For the bridge/router to learn the MAC addresses of transparent end systems on the token ring, it copies a packet with an unknown source address and sets the address-recognized (A) and frame-copied (C) bits in the Frame Status (FS) field. A problem occurs when the FS (A) and (C) bits have been set and the destination of the frame is an end system on the local ring. The destination end system expects the (A) and (C) bits to be zeros. When it receives a frame with these values already set, it reports an error. The end system counts these errors until the error threshold is reached; then it sends out a MAC Report Error packet.
These Frame Copy errors occur only with transparent token ring packets, because the bridge/router hardware filters source-routed packets based on the route information field, not the MAC address. If the bridge/router is configured for source route only, it never copies frames destined for a station on the local ring. These errors can be avoided by running in source-route-only mode.
Table 23-1 identifies those configurations that can cause Frame Copy errors.

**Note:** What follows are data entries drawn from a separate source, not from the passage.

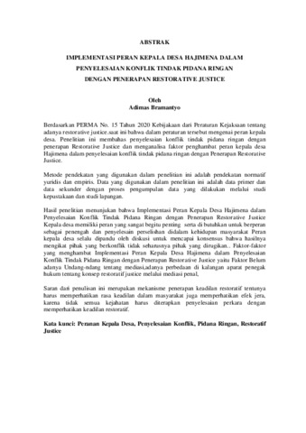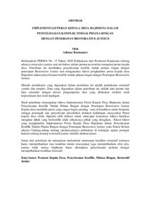 Berdasarkan PERMA No. 15 Tahun 2020 Kebijakaan dari Peraturan Kejaksaan tentang adanya restorative justice.saat ini bahwa dalam peraturan tersebut mengenai peran kepala desa. Penelitian ini membahas penyelesaian konflik tindak pidana ringan dengan penerapan Restorative Justice dan menganalisa faktor penghambat peran kepala desa Hajimena dalam penyelesaian konflik tindak pidana ringan dengan Penerapan Restorative Justice. Metode pendekatan yang digunakan dalam penelitian ini adalah pendekatan normatif yuridis dan empiris. Data yang digunakan dalam penelitian ini adalah data primer dan data sekunder dengan proses pengumpulan data yang dilakukan melalui studi kepustakaan dan studi lapangan. Hasil penelitian menunjukan bahwa Implementasi Peran Kepala Desa Hajimena dalam Penyelesaian Konflik Tindak Pidana Ringan dengan Penerapan Restorative Justice Kepala desa memiliki peran yang sangat begitu penting serta di butuhkan untuk berperan sebagai penengah dan penyelesain perselishan didalam kehidupan masyarakat Peran kepala desa selalu dipandu oleh diskusi untuk mencapai konsensus bahwa hasilnya mengikat pihak yang berkonflik tidak seharusnya pihak yang dirugikan.. Faktor-faktor yang menghambat Implementasi Peran Kepala Desa Hajimena dalam Penyelesaian Konflik Tindak Pidana Ringan dengan Penerapan Restorative Justice yaitu Faktor Belum adanya Undang-ndang tentang mediasi,adanya perbedaan di kalangan aparat penegak hukum tentang konsep restoratif justice melalui mediasi penal, Saran dari penulisan ini merupakan mekanisme penerapan keadilan restoratif tentunya harus memperhatikan rasa keadilan dalam masyarakat juga memperhatikan efek jera, karena tidak semua kejahatan harus diterapkan penyelesaian perkara dengan memperhatikan keadilan restoratif. Kata kunci: Peranan Kepala Desa, Penyelesaian Konflik, Pidana Ringan, Restoratif Justice Based on PERMA No. 15 of 2020, the policy of the Prosecutor's Office Regulation regarding the existence of restorative justice. at this time that in the regulation regarding the role of the village head. This study discusses the resolution of minor criminal conflicts with the application of Restorative Justice and analyzes the inhibiting factors of the role of the Hajimena village head in resolving minor criminal conflicts with the Application of Restorative Justice. The approach method used in this research is normative juridical and empirical approaches. The data used in this research are primary data and secondary data with the data collection process carried out through literature studies and field studies. The results showed that the Implementation of the Role of the Hajimena Village Head in Resolving Minor Criminal Conflicts with the Application of Restorative Justice The village head has a very important role and is needed to act as an arbiter and resolver of disputes in community life The role of the village head is always guided by discussions to reach a consensus that the results are binding on the conflicting parties who should not be the injured party. Factors that hinder the Implementation of the Role of the Hajimena Village Head in Resolving Minor Criminal Conflicts with the Application of Restorative Justice are Factors The absence of laws on mediation, differences among law enforcement officials about the concept of restorative justice through penal mediation, The suggestion of this writing is that the mechanism for implementing restorative justice must of course pay attention to the sense of justice in society and also pay attention to the deterrent effect, because not all crimes must be applied to case settlement by paying attention to restorative justice. Keywords: Role of Village Head, Conflict Resolution, Minor Crimes, Restorative Justice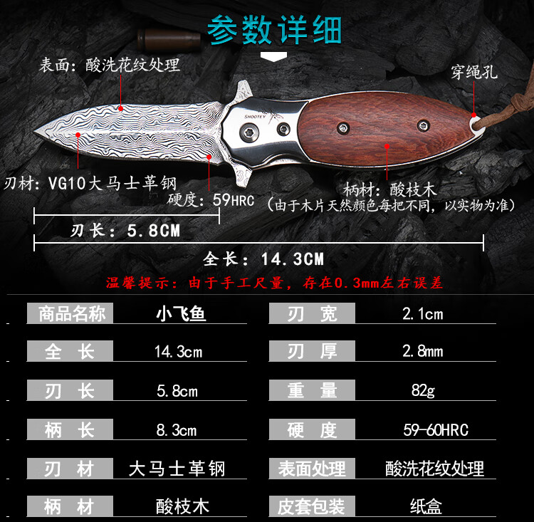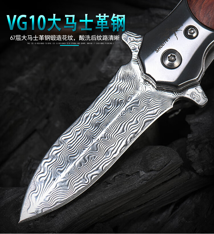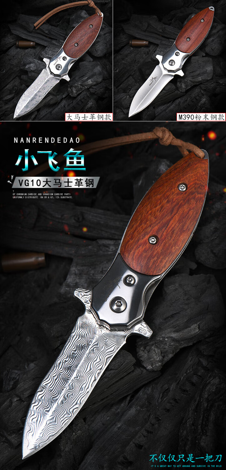 简约妮卡(jianyuenika)大马士革10钢小刀具刀子防身随身荒野野营刀具高硬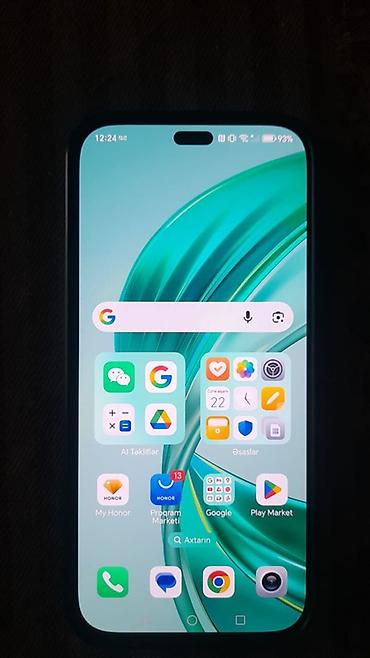 - Platforma və funksiyalar: Android əsaslı Magic UI, Google tətbiqləri (Gmail, Drive, Chrome və s.), Honor tətbiq mağazası, NFC simvolu görünür.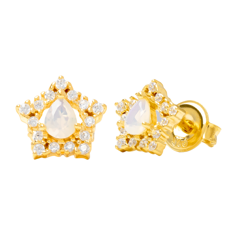 Juvenis Star Earrings, a symbol of truth, elegance, and guidance. These delicate earrings are dynamic and eye-catching accessories to adorn your ears with beautiful ornaments. The stars in these fabulous earrings are attached with Zircon gems to make their reflections as shiny as the moonlight chains. Juvenis Bow-type Earrings are gold-plated over silver with a spring-ring buckle.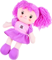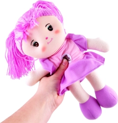Păpușa din stofă Zuzia încântă prin designul fin în nuanțe de mov – de la păr până la rochiță și botinuțe. Este moale, ușoară și ușor de ținut în mânuțele mici, fiind grozavă pentru liniștire la somn sau în călătorii.
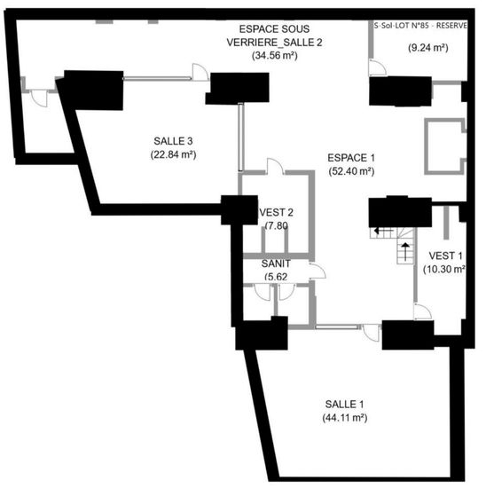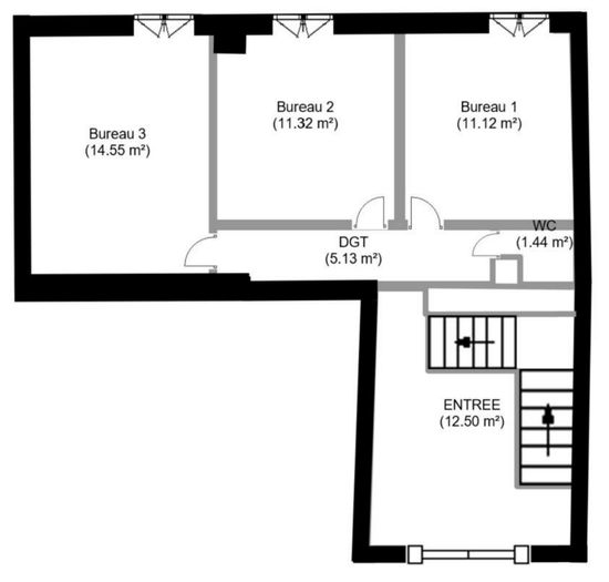 Au rez-de-chaussée, 56,06 m² composés de : 1 accueil, 3 bureaux fermés avec fenêtre sur cour, sanitaires
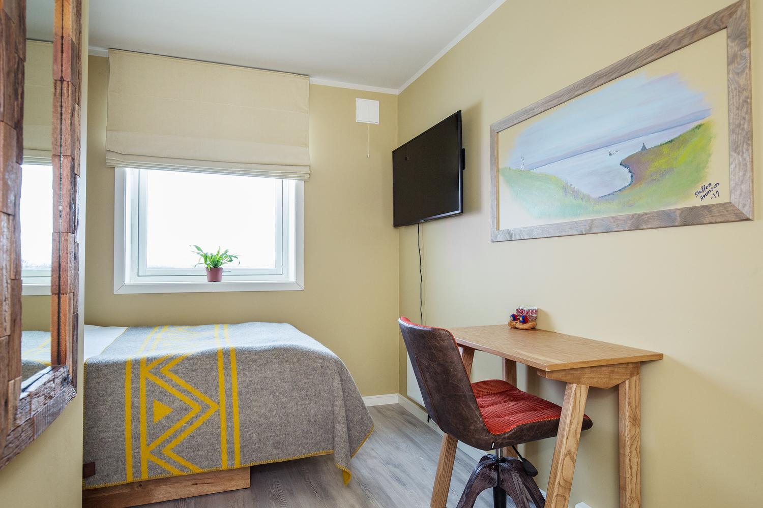 Fint rom med veldig god seng. Lite bad som gjør jobben. Du kan velge om du vil ha frokost. Anbefaler frokosten om du spiser på morgenen. Veldig god service - anbefaler å ta en natt eller flere hvis du skal være i Tana/Nesseby området.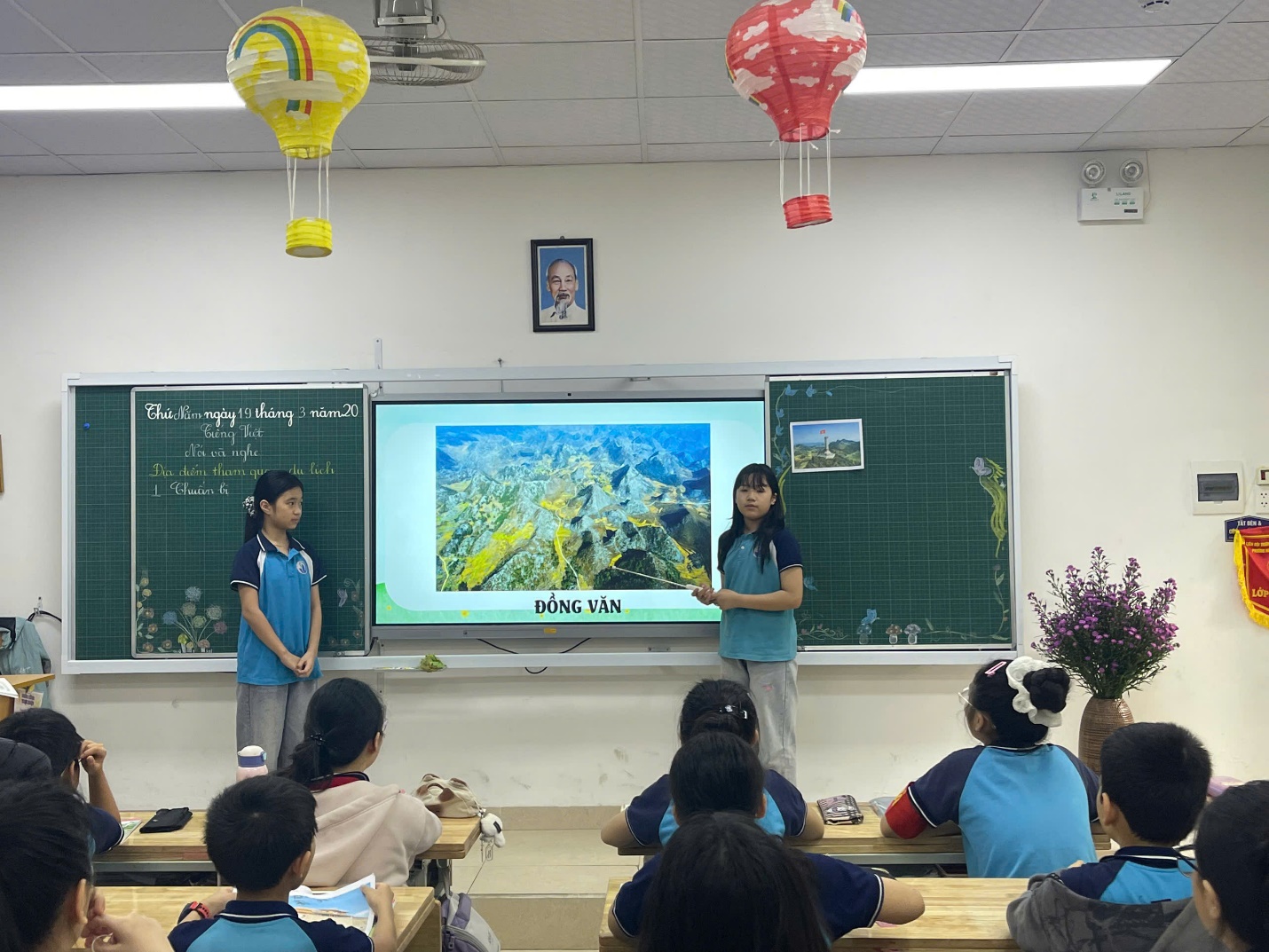 Mở đầu “chuyến đi”, nhóm 1 đã đưa cả lớp đến với mảnh đất Đồng Văn (Tuyên Quang) qua những thước phim và tranh ảnh sống động. Vẻ đẹp kỳ vĩ của dòng sông Nho Quế xanh ngắt, sự hiểm trở của đèo Mã Pì Lèng, niềm tự hào nơi cột cờ Lũng Cú và sắc tím mộng mơ của cánh đồng hoa tam giác mạch đã hoàn toàn chinh phục người xem.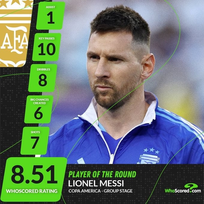whoscored评选出美洲杯小组赛最佳,阿根廷队长梅西以场均8.51分当选。

With translation bridging, you can communicate between transparent bridging end stations on different LAN media types: Ethernet, token ring, and FDDI. (For source route end stations to communicate with transparent bridging end stations, you must use SRTG as described in the Configuring Source Route Bridging chapter.) You also can communicate between end stations on the same media type across backbones of a different media type. The 3Com implementation of translation bridging is based on general principles of media access control (MAC) header translation and encapsulation, as well as protocol-specific translation for well-known protocol problems.
When a packet needs to be forwarded from a token ring or FDDI network to an Ethernet network, translation bridging transforms the packet from a token ring or FDDI format to an Ethernet format, or vice versa. When a packet is forwarded to a serial port, translation bridging takes place automatically at the remote bridge port when it receives the packets. For translation bridging to occur on wide area bridges, translation software is necessary in both units.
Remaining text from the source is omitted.